Get my va home loan back or not

6 Replies

Hello all ! My name is Logan Wray and I have some what of a  dilemma. I am brand new to real estate investing but I think I am ready to tackle my first deal. I have questions on how should finance it. My current home was purchased using the no money down va home loan. I'm wanting to make another purchase in the near future preferably a multi family unit, but I don't know if I should just save up for the 20% down payment on a new property or refinance my current home with a traditional 30yr note and then once again use my va home loan for the new property? Feed back would be greatly appreciated.

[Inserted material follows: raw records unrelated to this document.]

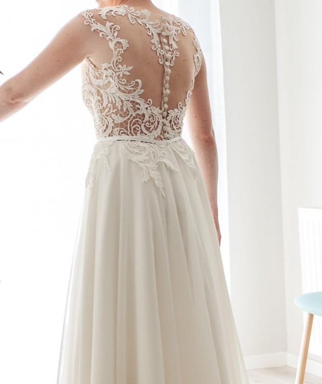 Na sprzedaż suknia ślubna model Gala Machiko z koronką na plecach w kolorze Ivory.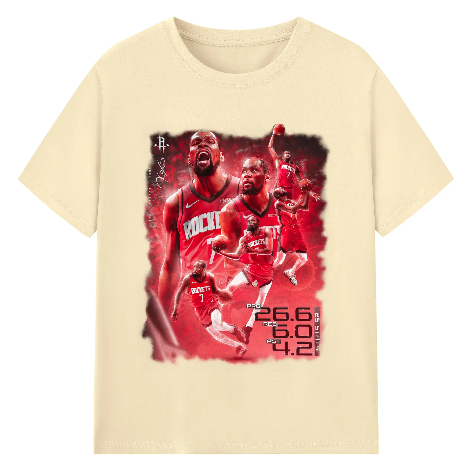 Kevin Durant Rockrets #7 Data Museum Art Shirt - 180g Cotton T-Shirt With Front Heat Transfer Print – Soft, Lightweight, Fitted Design – Comfortable Casual Wear For Sports & Everyday Use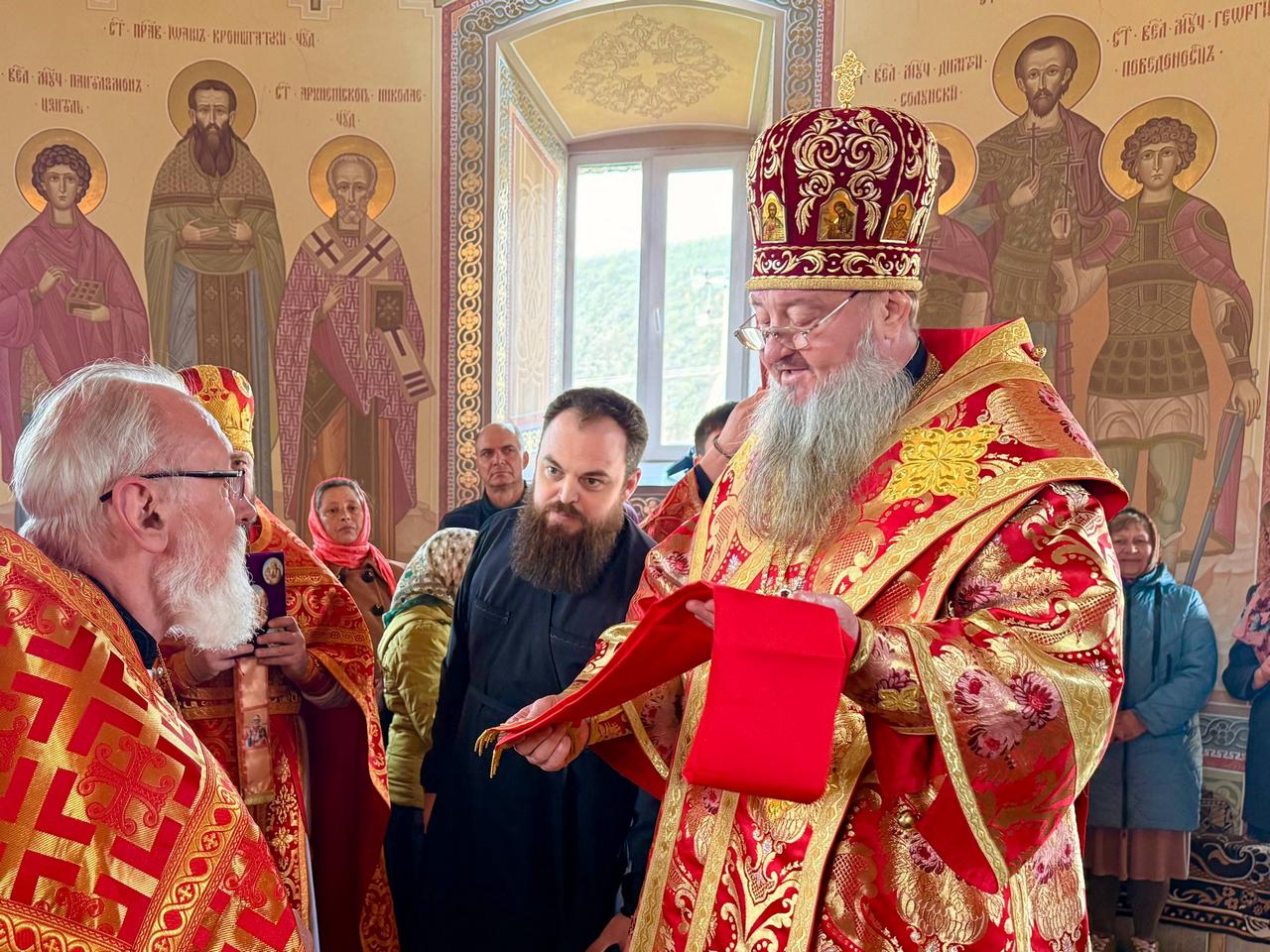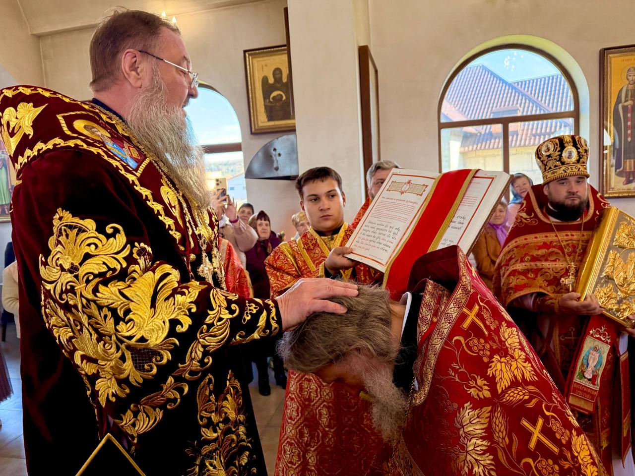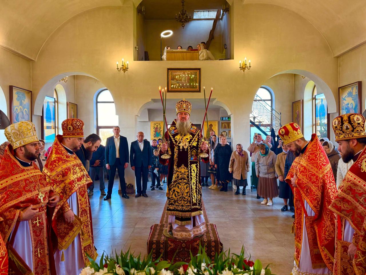У входа в храм Архипастыря встретили хлебом-солью несущий послушание настоятеля протоиерей Георгий Симак и многочисленные прихожане.
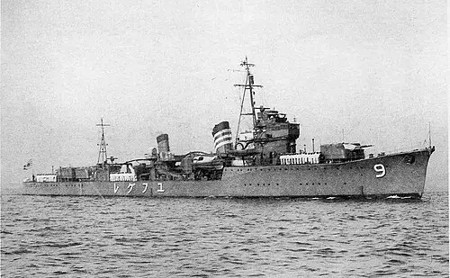 В начале войны вместе с однотипными кораблями «Сирацую», «Сигурэ» и «Югурэ» базировался в Хасирадзиме в японских территориальных водах и привлекался для противолодочного патрулирования.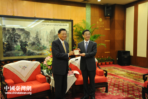 湖南省委書(shū)記周強(qiáng)、海協(xié)會(huì)會(huì)長(zhǎng)陳云林會(huì)見(jiàn);鶗(huì)董事長(zhǎng)江丙坤及;鶗(huì)媒體參訪團(tuán)一行。(湖南省臺(tái)辦 王敏杰 攝)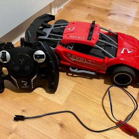 - radiostyrt bil, grønn og blå, mangler lader, batterilader og antenne på kontroll, ikke brukt på flere år på grunn av mangel på lader, -1000kr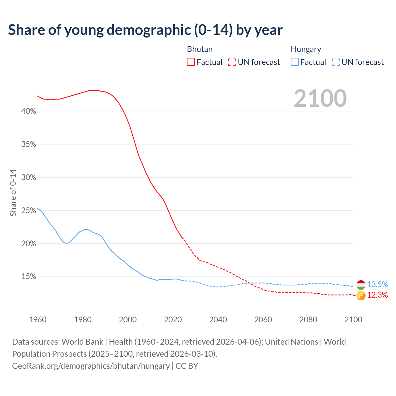 - The share of young demographic (0-15 years old) in Bhutan is 20.9% vs 14.4% in Hungary.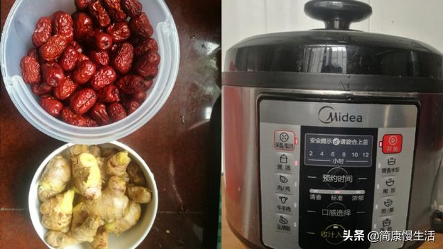 作り方:生姜は皮をむく必要がなく、なつめは核を取り除く必要がなく、きれいに洗い、包丁で生姜を平らにし、みじん切りにし、なつめは2枚に切り、水と一緒に電気圧力鍋に入れ、スープのモードを選択し、通常30分。生姜とナツメのスープ約400ミリリットルを漉し、黒砂糖を加え、熱いうちに一気に飲む。生姜とナツメの残渣は、水700ミリリットルを追加し、再び沸騰、または電気圧力鍋のスープモードを使用し、魔法瓶に生姜とナツメのスープのこの部分は、お茶を飲む日中。

Ps. I would like to rent out my current single family home and "house hack" the newly acquired property.

Logan 

Hey Logan,

I am in a similar situation as you are; I just got my real estate license, but have been renting out my previous home which was financed via a VA home loan. I have had tenants in that house for a year (I bought another property via VA) and was also wondering whether I would want to refi or keep it as it is. To me, the bottom line became the interest rate; I have a good interest rate on my home as it is (a foreclosure purchased in 2009); it didn't make a ton of sense to me to refi to a full point and a half more (at this point, it is an investment property, not my primary residence) so I decided that I would leave it as it is and use traditional lending or private lending for future buy and hold properties. You can probably do the math over the life of an amortized loan to see which option makes more sense for you. Hope that helps; this is my first post :)

How much EQUITY have you gained since purchasing your primary (either through smart bargain buying in the first place, or subsequent appreciation)?

If there is no equity (yet), and you're champing at the bit to get into a multi (say, 4-plex), maybe you could apply for an FHA-approved low 3.5% deposit Loan?

But please, try to get as much INSTANT equity as possible from the outset. Then after another year, you can ask the same question again - no large deposit needed! Thank you for your service...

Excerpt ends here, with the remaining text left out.